Johnnie sat at his desk, sweating heavily. He wondered if the Firm would ever see fit to instal ceiling fans. Probably he wouldn’t be here by that time. Someone like Attah would be sitting at his desk, smirking at the sign ‘Accountant.’

Johnnie threw down his pen. No one could concentrate on work this morning. He gave it up and went in to see Bedford.

‘Come in and shut the blasted door,’ the massive knight growled.

The small pink object, carefully shielded as a rare butterfly in the huge hand, turned out to be a paper cup such as children use for orange squash at birthday parties. Bedford fished another out of a drawer and poured it half full of scotch.

‘Here –’ he handed it to Johnnie, ‘we must toast the great event. You’ve heard, of course?’

‘Yes. Thanks, but I’m not sure I want this, Bedford – a bit early in the day.’

‘Nonsense! Never too early, when our black brethren are making history. Drink up. To Africanization, to the black keys and the white, old boy, to Ghana, to the star that is rising over Africa –’

He set his glass down gently on the desk.
‘Isn’t it an absolute bugger?’ Bedford said.

It was close to midday when Johnnie’s office door opened and Helen Cunningham walked in.

She had been shopping, but she wore the same tired cotton skirt and blouse as she wore around home. But despite dust and perspiration, there was still a magnificence about her sunflower hair and her eyes. She looked straight ahead, utterly ignoring the clerks’ curious stares.

The poise lasted only until she had closed the door of Johnnie’s inner office. She sat down on the edge of a chair and groped in her handbag for a cigarette. Johnnie offered her one of his, and she took it. She was shivering, like someone who has just awakened from a nightmare and still believes it real.

‘Helen – for God’s sake, what’s the trouble?’

‘Sorry. I’ll be all right in a moment. Shock, I guess.’

‘Oh – Bedford told you, then?’

Her eyes opened wide in fresh alarm.

‘Told me what? What is it, Johnnie? What’s happened?’

‘Don’t panic,’ he said. ‘It’s nothing. It’s not important. Everything’s all right. But if he didn’t say anything, what –?’

‘Bedford’s in no condition to tell anybody anything,’ Helen said, ‘for the simple reason that he’s out cold.’

‘Oh Christ, what next? Wait, though, you don’t mean he’s sick?’

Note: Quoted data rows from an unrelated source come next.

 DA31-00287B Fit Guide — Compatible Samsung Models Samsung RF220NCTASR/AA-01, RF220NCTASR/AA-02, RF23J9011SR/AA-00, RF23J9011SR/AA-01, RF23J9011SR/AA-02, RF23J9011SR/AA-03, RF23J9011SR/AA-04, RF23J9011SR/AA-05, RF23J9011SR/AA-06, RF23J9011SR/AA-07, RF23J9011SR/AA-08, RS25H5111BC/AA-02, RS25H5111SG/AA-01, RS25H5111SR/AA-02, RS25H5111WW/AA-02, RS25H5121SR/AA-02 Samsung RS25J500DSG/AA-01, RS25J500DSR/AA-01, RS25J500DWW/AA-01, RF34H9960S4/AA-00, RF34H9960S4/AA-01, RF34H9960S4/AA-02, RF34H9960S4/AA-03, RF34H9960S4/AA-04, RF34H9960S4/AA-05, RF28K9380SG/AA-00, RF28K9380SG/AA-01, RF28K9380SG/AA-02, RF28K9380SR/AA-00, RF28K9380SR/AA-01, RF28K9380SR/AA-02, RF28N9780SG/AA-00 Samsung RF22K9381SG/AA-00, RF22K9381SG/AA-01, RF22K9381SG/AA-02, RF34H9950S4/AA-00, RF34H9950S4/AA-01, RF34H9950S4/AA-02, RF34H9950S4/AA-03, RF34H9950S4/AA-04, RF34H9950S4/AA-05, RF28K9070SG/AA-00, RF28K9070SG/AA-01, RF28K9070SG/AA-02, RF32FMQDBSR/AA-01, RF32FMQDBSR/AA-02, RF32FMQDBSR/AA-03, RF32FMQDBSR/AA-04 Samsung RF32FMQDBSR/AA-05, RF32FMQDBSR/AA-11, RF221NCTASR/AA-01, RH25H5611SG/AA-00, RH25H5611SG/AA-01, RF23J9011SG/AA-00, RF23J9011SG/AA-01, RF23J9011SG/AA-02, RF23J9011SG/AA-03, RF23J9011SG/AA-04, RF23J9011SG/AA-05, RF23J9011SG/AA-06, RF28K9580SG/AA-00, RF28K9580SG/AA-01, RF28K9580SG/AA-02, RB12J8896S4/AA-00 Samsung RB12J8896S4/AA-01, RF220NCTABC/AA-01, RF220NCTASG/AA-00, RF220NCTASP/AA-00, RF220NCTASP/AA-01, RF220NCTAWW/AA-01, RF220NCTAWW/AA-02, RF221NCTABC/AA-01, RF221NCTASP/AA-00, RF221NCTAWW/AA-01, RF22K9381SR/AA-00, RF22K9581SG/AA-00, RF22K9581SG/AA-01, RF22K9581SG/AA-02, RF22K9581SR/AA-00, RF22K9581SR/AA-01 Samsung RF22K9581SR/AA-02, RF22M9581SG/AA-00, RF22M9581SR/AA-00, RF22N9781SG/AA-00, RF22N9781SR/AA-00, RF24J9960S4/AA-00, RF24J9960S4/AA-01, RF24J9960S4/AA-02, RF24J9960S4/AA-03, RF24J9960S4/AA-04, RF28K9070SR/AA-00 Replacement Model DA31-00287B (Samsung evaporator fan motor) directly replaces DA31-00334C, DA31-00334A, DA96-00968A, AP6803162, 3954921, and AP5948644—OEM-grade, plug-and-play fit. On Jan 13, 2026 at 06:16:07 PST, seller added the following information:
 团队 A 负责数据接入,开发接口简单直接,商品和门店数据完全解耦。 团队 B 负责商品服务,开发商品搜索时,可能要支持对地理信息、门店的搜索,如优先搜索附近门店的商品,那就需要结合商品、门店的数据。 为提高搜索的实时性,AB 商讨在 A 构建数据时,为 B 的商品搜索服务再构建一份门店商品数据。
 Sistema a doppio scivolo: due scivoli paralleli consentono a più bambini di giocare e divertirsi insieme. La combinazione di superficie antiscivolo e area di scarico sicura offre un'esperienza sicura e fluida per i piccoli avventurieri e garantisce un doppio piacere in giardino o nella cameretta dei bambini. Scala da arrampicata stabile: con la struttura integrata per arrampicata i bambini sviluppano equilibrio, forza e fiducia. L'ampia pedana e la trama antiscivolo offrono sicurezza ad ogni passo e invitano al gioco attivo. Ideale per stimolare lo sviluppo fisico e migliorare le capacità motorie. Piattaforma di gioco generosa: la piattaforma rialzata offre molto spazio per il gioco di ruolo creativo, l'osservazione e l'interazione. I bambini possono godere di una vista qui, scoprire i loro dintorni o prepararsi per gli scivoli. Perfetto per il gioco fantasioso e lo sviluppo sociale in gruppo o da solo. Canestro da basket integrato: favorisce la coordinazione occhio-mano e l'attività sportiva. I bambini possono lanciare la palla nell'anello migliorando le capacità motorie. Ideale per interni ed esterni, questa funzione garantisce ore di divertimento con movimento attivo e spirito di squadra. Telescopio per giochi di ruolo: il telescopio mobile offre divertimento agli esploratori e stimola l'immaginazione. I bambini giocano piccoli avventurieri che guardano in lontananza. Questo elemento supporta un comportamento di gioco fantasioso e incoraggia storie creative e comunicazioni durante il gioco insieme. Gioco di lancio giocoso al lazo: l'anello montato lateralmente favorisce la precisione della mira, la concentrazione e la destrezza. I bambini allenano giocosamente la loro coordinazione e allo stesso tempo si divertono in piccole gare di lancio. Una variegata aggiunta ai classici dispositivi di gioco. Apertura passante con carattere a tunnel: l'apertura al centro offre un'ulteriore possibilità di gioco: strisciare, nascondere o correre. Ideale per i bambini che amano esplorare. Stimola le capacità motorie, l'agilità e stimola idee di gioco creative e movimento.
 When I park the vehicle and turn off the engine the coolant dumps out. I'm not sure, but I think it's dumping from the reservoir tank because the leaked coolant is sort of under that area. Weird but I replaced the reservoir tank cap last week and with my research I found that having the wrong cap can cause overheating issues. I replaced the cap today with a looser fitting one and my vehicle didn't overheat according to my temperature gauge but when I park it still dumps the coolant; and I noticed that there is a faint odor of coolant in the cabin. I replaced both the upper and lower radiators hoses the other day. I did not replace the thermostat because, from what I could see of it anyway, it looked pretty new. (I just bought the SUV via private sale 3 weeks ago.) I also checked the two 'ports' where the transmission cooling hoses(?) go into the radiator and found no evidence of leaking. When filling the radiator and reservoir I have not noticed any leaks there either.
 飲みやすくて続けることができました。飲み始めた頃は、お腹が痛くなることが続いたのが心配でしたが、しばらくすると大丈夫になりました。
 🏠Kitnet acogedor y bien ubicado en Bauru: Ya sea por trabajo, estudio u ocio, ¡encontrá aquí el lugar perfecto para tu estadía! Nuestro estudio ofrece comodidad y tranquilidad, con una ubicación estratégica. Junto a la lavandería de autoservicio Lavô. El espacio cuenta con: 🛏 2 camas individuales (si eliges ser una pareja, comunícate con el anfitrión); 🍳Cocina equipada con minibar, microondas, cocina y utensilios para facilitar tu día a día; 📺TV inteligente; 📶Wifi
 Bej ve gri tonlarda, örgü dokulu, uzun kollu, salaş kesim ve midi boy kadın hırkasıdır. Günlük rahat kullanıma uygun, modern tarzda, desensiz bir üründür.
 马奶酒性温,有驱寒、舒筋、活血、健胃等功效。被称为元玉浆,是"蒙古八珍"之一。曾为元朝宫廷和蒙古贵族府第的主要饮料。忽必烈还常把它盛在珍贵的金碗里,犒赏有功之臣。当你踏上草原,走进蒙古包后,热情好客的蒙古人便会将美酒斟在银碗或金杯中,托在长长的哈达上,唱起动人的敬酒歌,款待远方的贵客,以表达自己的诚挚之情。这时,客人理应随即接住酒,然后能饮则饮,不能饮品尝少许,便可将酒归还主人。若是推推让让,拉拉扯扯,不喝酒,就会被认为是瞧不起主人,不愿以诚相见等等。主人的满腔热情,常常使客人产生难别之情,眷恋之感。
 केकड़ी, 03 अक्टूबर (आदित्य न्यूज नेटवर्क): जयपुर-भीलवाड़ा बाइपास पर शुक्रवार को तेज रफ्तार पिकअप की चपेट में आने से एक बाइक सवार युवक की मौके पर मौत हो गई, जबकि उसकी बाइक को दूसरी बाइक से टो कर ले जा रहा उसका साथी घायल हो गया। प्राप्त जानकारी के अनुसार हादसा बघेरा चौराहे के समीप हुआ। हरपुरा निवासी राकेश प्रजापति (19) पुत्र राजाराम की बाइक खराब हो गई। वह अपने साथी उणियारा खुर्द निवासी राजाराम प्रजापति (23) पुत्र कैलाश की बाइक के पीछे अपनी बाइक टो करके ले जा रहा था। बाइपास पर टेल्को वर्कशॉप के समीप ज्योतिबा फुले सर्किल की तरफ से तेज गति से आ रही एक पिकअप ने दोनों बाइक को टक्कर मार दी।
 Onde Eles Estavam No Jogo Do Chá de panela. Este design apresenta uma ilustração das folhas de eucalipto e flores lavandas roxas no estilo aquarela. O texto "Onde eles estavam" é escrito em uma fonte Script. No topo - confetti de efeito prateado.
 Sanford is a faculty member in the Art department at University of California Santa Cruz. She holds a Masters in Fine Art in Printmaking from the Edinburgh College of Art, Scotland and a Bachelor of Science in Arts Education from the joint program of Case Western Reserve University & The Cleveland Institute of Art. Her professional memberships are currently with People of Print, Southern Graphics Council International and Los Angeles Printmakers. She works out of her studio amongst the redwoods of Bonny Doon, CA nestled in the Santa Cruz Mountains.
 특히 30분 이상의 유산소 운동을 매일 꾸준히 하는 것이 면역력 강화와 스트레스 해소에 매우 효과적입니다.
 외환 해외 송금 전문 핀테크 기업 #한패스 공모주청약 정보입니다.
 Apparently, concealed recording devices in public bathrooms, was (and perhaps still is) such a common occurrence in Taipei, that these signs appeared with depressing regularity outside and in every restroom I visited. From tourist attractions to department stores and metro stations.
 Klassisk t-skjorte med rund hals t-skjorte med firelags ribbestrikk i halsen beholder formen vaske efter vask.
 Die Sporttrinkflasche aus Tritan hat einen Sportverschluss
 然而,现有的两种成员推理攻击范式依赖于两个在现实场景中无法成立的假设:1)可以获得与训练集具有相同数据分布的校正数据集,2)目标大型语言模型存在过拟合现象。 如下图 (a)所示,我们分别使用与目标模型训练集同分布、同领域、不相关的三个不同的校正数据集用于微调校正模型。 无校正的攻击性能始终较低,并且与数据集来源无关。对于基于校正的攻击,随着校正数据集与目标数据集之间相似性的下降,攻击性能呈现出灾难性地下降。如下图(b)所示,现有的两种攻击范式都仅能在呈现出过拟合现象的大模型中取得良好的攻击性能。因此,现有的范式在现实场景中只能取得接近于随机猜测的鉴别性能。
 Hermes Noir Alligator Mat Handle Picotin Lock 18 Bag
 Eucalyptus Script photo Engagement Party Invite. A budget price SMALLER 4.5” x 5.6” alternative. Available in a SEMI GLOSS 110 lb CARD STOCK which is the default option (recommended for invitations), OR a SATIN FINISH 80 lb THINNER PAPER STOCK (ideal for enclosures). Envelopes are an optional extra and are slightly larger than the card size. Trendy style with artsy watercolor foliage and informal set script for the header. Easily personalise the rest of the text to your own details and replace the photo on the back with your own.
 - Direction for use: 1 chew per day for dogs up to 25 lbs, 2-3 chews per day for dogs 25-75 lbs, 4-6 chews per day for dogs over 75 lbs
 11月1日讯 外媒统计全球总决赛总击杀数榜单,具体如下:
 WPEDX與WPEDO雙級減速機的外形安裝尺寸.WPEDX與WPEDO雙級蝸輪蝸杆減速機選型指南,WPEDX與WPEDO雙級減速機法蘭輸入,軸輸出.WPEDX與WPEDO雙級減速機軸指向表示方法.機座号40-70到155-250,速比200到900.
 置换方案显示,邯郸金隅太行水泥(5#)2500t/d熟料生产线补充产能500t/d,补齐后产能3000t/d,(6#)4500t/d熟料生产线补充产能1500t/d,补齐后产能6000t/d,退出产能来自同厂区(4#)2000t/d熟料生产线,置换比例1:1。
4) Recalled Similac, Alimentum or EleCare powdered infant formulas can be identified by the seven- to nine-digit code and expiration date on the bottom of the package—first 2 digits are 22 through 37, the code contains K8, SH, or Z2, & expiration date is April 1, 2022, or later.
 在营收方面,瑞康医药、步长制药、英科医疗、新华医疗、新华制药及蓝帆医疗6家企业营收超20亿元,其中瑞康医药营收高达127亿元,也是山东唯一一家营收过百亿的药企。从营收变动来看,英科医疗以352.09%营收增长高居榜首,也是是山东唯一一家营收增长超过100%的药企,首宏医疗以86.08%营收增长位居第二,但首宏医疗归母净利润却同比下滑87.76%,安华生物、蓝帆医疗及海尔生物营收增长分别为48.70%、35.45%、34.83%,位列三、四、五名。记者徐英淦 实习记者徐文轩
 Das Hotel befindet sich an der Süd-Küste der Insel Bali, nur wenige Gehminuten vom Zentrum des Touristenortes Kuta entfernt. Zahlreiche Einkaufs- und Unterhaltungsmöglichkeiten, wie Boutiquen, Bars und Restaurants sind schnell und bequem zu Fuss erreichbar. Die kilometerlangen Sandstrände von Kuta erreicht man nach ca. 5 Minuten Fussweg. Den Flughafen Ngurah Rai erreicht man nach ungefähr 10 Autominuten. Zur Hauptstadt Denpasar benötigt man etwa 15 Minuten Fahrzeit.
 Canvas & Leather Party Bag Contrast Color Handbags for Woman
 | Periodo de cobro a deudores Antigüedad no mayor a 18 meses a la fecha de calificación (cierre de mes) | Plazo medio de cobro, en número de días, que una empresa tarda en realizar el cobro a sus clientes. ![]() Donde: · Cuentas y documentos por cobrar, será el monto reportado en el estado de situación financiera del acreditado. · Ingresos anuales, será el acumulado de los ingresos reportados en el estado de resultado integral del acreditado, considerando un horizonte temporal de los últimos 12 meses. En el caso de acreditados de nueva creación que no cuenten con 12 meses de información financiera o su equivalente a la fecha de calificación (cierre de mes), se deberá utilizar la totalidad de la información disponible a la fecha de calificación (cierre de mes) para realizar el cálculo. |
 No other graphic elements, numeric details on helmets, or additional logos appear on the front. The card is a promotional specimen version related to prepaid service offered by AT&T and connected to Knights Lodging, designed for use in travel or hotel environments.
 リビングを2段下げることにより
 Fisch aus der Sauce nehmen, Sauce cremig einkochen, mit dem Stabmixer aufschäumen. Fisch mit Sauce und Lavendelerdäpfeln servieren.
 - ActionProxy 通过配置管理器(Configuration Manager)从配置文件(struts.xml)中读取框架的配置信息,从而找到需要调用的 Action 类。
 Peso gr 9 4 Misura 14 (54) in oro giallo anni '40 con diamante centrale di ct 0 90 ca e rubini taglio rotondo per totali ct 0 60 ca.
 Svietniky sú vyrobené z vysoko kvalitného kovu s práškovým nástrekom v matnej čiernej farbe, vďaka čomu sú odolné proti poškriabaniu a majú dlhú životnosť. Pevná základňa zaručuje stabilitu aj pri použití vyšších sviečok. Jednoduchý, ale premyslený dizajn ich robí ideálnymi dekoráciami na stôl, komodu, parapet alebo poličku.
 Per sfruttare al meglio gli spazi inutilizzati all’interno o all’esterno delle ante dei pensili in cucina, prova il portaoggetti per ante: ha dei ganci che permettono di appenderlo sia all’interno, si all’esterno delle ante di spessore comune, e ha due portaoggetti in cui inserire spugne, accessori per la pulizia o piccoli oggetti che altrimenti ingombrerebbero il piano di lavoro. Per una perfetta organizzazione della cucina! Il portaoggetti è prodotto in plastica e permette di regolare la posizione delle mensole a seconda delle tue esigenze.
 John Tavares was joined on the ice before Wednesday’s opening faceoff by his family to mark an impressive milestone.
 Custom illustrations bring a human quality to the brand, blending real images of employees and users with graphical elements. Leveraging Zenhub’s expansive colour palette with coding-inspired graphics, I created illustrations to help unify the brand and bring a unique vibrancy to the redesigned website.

She gave him a withering glance.

‘Don’t be a fool. Sick, yes, with an empty Johnnie Walker bottle beside him on the floor, and another in his desk.’

She began to cry, gulpingly, and the sight of her wet distorted face sickened Johnnie. Then she stopped, blew her nose, and sat up, her face tight and hard.

‘James mustn’t see him,’ she said. ‘He simply mustn’t. He warned him the last time –’

‘It’s happened before?’

‘When I said – shock – did you think this was the first time? You don’t know us very well yet, do you?’